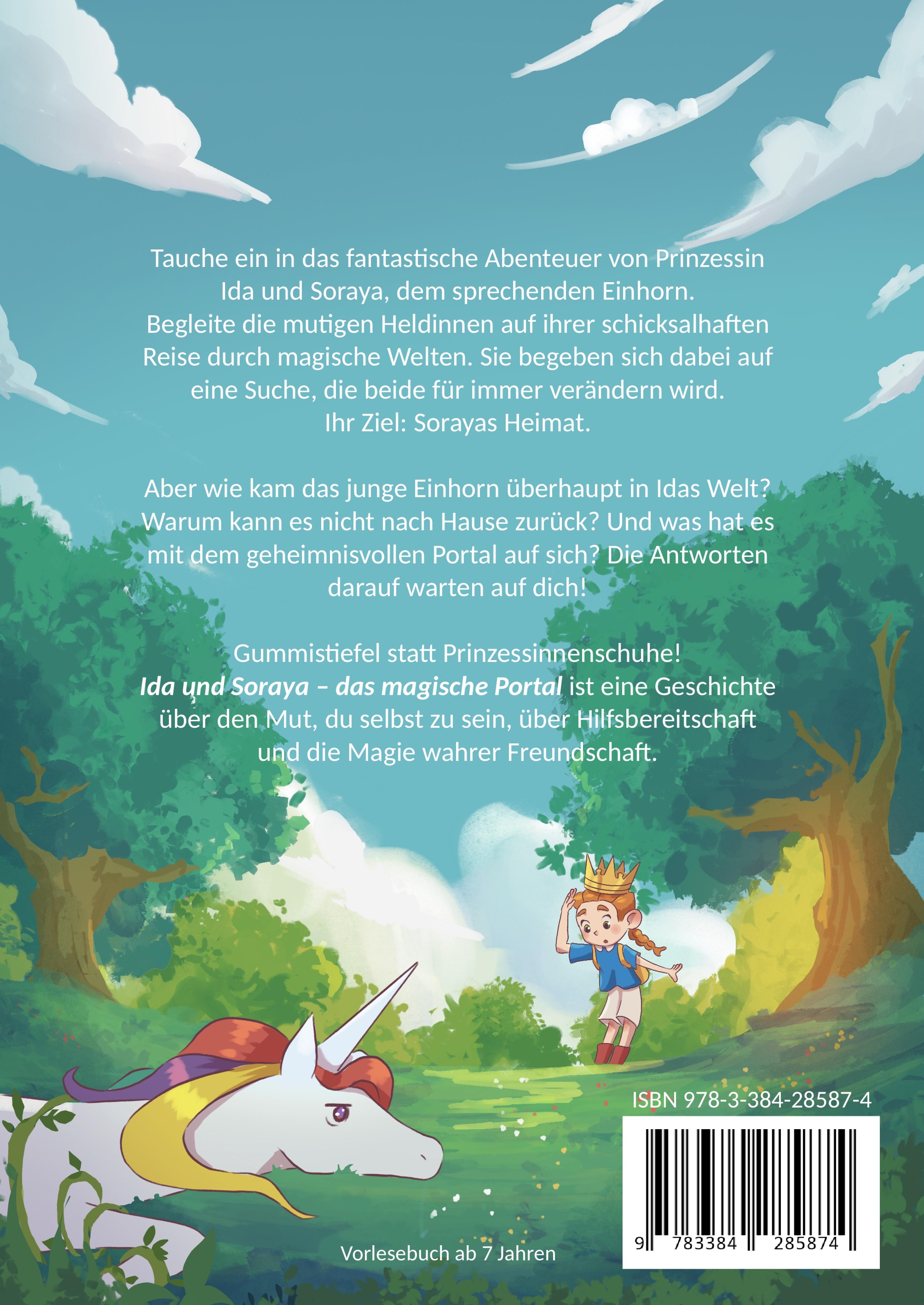 Gummistiefel statt Prinzessinnenschuhe! "Ida und Soraya - das magische Portal" ist ein fantastisches Vorlesebuch ab 7 Jahren. Liebevoll in Schwarz-Weiß illustriert und aufgeteilt in 19 Kapitel. Die spannende und humorvolle Geschichte handelt von dem Mut, du selbst zu sein, von Hilfsbereitschaft und von der Magie wahrer Freundschaft. Die junge Prinzessin Ida findet eines Tages auf einer geheimen Lichtung ein erschöpftes Einhorn namens Soraya. Soraya musste durch ein Portal aus ihrer Welt fliehen und findet nun nicht dorthin zurück. Begleite die beiden mutigen Heldinnen auf ihrer schicksalhaften Reise durch magische Welten. Sie begeben sich dabei auf eine Suche, die beide für immer verändern wird. Ihr Ziel: Tala, Sorayas Heimat.
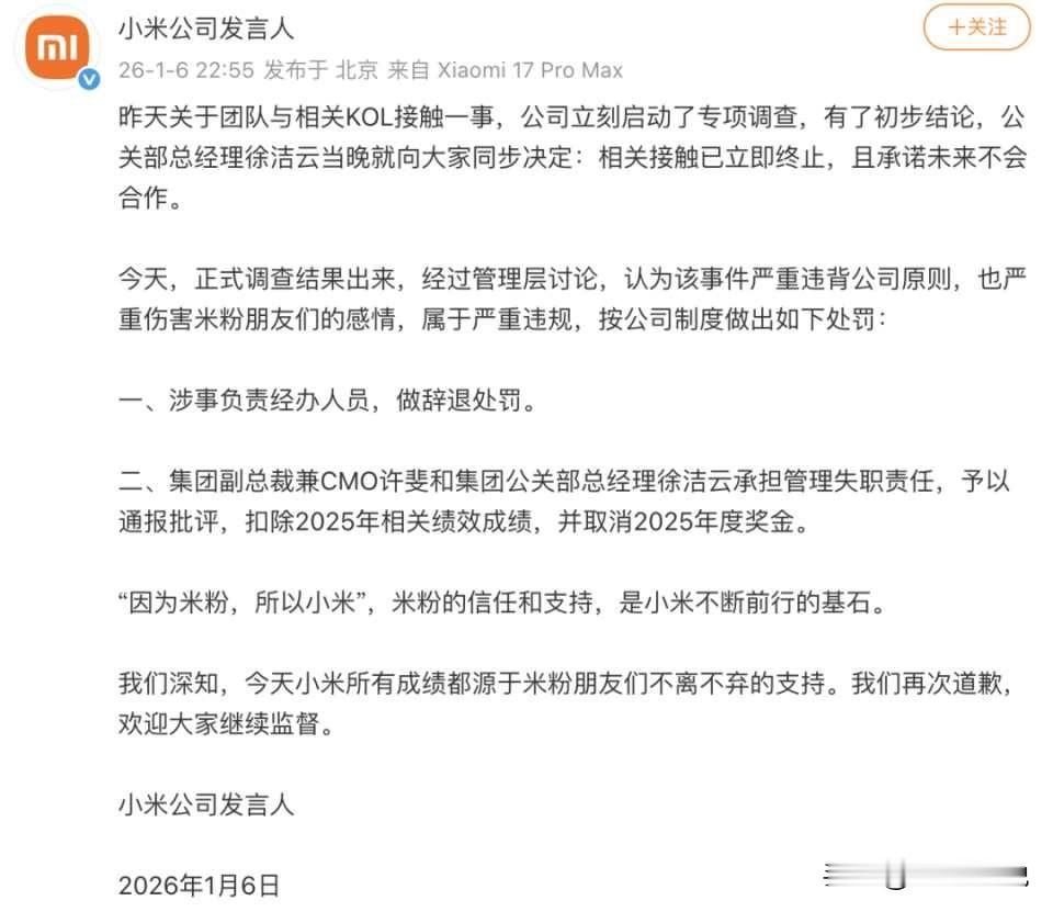 2026年1月6日晚上,小米公司发布一份处理通报,这件事的起因是他们之前和一位网名叫做“万能的大熊”的博主有过合作,而这位博主长期被小米粉丝称为专门批评小米的人,消息一出来,粉丝们反应很大,直接在评论区里刷屏表示反对,小米公司行动很快,马上停止了这次合作,还把负责这项工作的相关人员给辞退了。
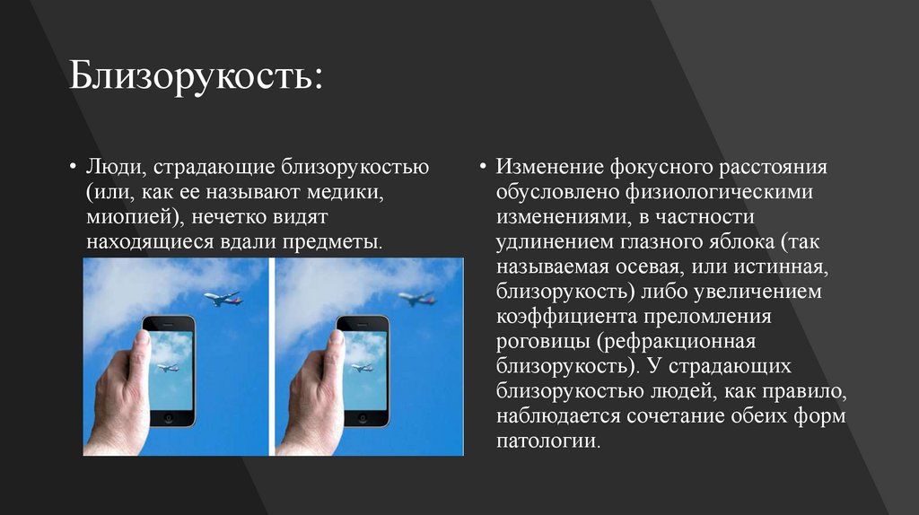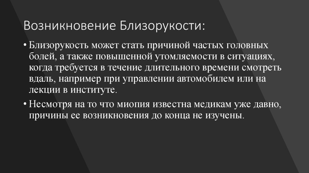 Возникновение Близорукости:• Близорукость может стать причиной частых головных
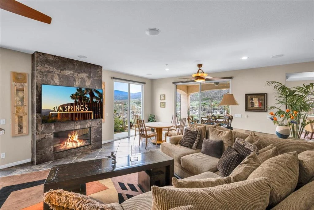 Ideally located in the ''Canyon Heights'' community in South Palm Springs, this 2 story home offers unsurpassed, sweeping vistas of The San Jacinto Mountains and the Oswit Canyon Land Preserve. With 3 bedrooms, 3 baths and 2873 square feet of living space this floor plan offers both privacy and excellent space for gatherings and entertaining. The main level features a generous living and dining area with a fireplace, a wet bar and a spacious patio all with jaw dropping views. The kitchen is open to both the dining area and the den/office. With expansive granite countertops/ breakfast bar, handsome cabinets, double ovens and dual sinks, it sets the stage for any chef to create! The entire second floor of the home is the primary bedroom with a separate cozy reading area, spacious primary bath with soaking tub, double bowl sink, abundant closet space and another private patio with endless views. For additional privacy, the third bedroom is designed as a Casita with its own bath and entry immediately off the courtyard. Additionally, this home offers a separate room for the washer/ dryer, abundant customized storage and shelving, a wet bar with beverage cooler, 2 fireplaces, custom motorized shades, dual zoned heating & cooling and a 2 car garage. This home sits in one of the most coveted locations in the entire community with no immediate neighbor to the South or East, just beautiful desert landscaping with mesmerizing views. Enjoy being steps from your private entrance to the South Lykken Trail, a hikers dream! Canyon Heights is a gated community offering tremendous amenities including 4 pools, 4 Spas, 2 tennis courts, 6 Pickle Ball courts ( all recently refinished!) a Clubhouse, a fitness room and a fruit orchard. There are 2 public championship golf courses out the door. Minutes to downtown Palm Springs dining and sites. All this on FEE LAND ( NO LEASE!) It is truly a pleasure to show this home!
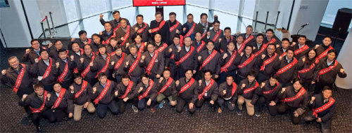 1일 오전 서울 송파구 올림픽로 롯데월드타워 118층 전망대에서 롯데물산과 건설 임직원 60여 명이 모여 ‘새해 해맞이 및 롯데월드타워 오픈 성공 결의대회’에 함께하고 있다. 이날 행사에 참석한 황각규 롯데그룹 정책본부운영실장(뒷줄 오른쪽에서 네 번째)은 “새해 롯데월드타워가 성공적으로 개장할 수 있도록 최선을 다해 달라”고 말했다.
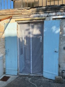 Satte upp nät i dubbeldörrarna till trädgården igår.
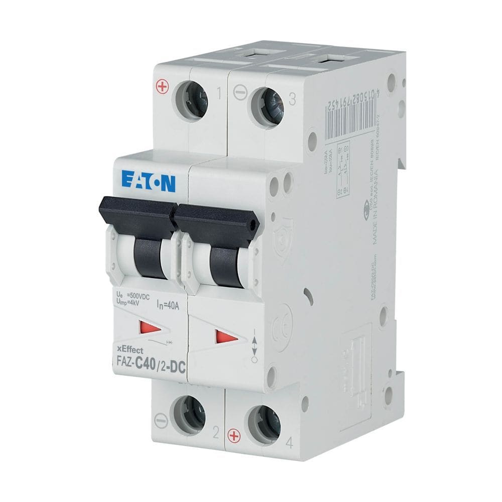 Eaton Industries France SAS - Disjoncteur modulaire FAZ-DC, 40A, 2P, 15kA (IEC/EN 60947-2), courbe C, DC - 279144
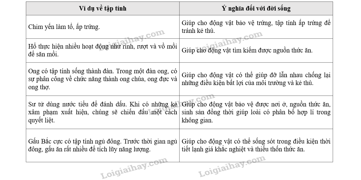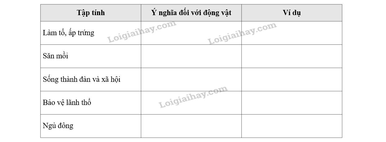 Hoàn thành bảng sau về ý nghĩa của các tập tính ở động vật và cho ví dụ minh họa.
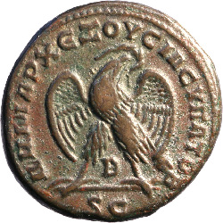 eagle standing on line, facing, head right, spreading wings, holding wreath in beak; between legs: Ϛ
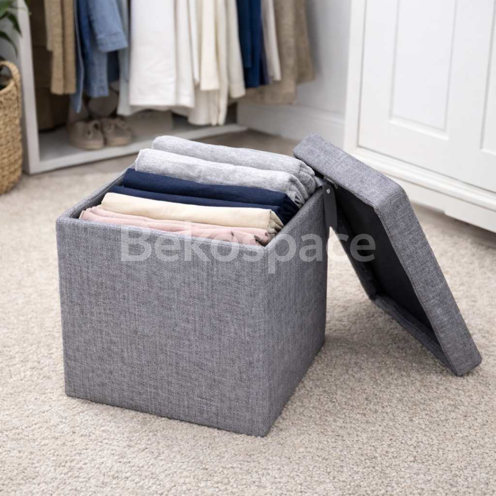 Sous son apparence minimaliste se cache un espace de rangement intelligent, idéal pour accueillir vêtements pliés, linge de maison, accessoires ou objets du quotidien. Son couvercle discret permet de garder votre intérieur visuellement ordonné, tout en protégeant le contenu de la poussière.

# Your goal
Nothing but an exact transcription of the material, without pictures, should be returned.

# Answer to this problem
 Gummistiefel statt Prinzessinnenschuhe! "Ida und Soraya - das magische Portal" ist ein fantastisches Vorlesebuch ab 7 Jahren. Liebevoll in Schwarz-Weiß illustriert und aufgeteilt in 19 Kapitel. Die spannende und humorvolle Geschichte handelt von dem Mut, du selbst zu sein, von Hilfsbereitschaft und von der Magie wahrer Freundschaft. Die junge Prinzessin Ida findet eines Tages auf einer geheimen Lichtung ein erschöpftes Einhorn namens Soraya. Soraya musste durch ein Portal aus ihrer Welt fliehen und findet nun nicht dorthin zurück. Begleite die beiden mutigen Heldinnen auf ihrer schicksalhaften Reise durch magische Welten. Sie begeben sich dabei auf eine Suche, die beide für immer verändern wird. Ihr Ziel: Tala, Sorayas Heimat.
 2026年1月6日晚上,小米公司发布一份处理通报,这件事的起因是他们之前和一位网名叫做“万能的大熊”的博主有过合作,而这位博主长期被小米粉丝称为专门批评小米的人,消息一出来,粉丝们反应很大,直接在评论区里刷屏表示反对,小米公司行动很快,马上停止了这次合作,还把负责这项工作的相关人员给辞退了。
 Возникновение Близорукости:• Близорукость может стать причиной частых головных
 Ideally located in the ''Canyon Heights'' community in South Palm Springs, this 2 story home offers unsurpassed, sweeping vistas of The San Jacinto Mountains and the Oswit Canyon Land Preserve. With 3 bedrooms, 3 baths and 2873 square feet of living space this floor plan offers both privacy and excellent space for gatherings and entertaining. The main level features a generous living and dining area with a fireplace, a wet bar and a spacious patio all with jaw dropping views. The kitchen is open to both the dining area and the den/office. With expansive granite countertops/ breakfast bar, handsome cabinets, double ovens and dual sinks, it sets the stage for any chef to create! The entire second floor of the home is the primary bedroom with a separate cozy reading area, spacious primary bath with soaking tub, double bowl sink, abundant closet space and another private patio with endless views. For additional privacy, the third bedroom is designed as a Casita with its own bath and entry immediately off the courtyard. Additionally, this home offers a separate room for the washer/ dryer, abundant customized storage and shelving, a wet bar with beverage cooler, 2 fireplaces, custom motorized shades, dual zoned heating & cooling and a 2 car garage. This home sits in one of the most coveted locations in the entire community with no immediate neighbor to the South or East, just beautiful desert landscaping with mesmerizing views. Enjoy being steps from your private entrance to the South Lykken Trail, a hikers dream! Canyon Heights is a gated community offering tremendous amenities including 4 pools, 4 Spas, 2 tennis courts, 6 Pickle Ball courts ( all recently refinished!) a Clubhouse, a fitness room and a fruit orchard. There are 2 public championship golf courses out the door. Minutes to downtown Palm Springs dining and sites. All this on FEE LAND ( NO LEASE!) It is truly a pleasure to show this home!
 1일 오전 서울 송파구 올림픽로 롯데월드타워 118층 전망대에서 롯데물산과 건설 임직원 60여 명이 모여 ‘새해 해맞이 및 롯데월드타워 오픈 성공 결의대회’에 함께하고 있다. 이날 행사에 참석한 황각규 롯데그룹 정책본부운영실장(뒷줄 오른쪽에서 네 번째)은 “새해 롯데월드타워가 성공적으로 개장할 수 있도록 최선을 다해 달라”고 말했다.
 Satte upp nät i dubbeldörrarna till trädgården igår.
 Eaton Industries France SAS - Disjoncteur modulaire FAZ-DC, 40A, 2P, 15kA (IEC/EN 60947-2), courbe C, DC - 279144
 Hoàn thành bảng sau về ý nghĩa của các tập tính ở động vật và cho ví dụ minh họa.
 eagle standing on line, facing, head right, spreading wings, holding wreath in beak; between legs: Ϛ
 Sous son apparence minimaliste se cache un espace de rangement intelligent, idéal pour accueillir vêtements pliés, linge de maison, accessoires ou objets du quotidien. Son couvercle discret permet de garder votre intérieur visuellement ordonné, tout en protégeant le contenu de la poussière.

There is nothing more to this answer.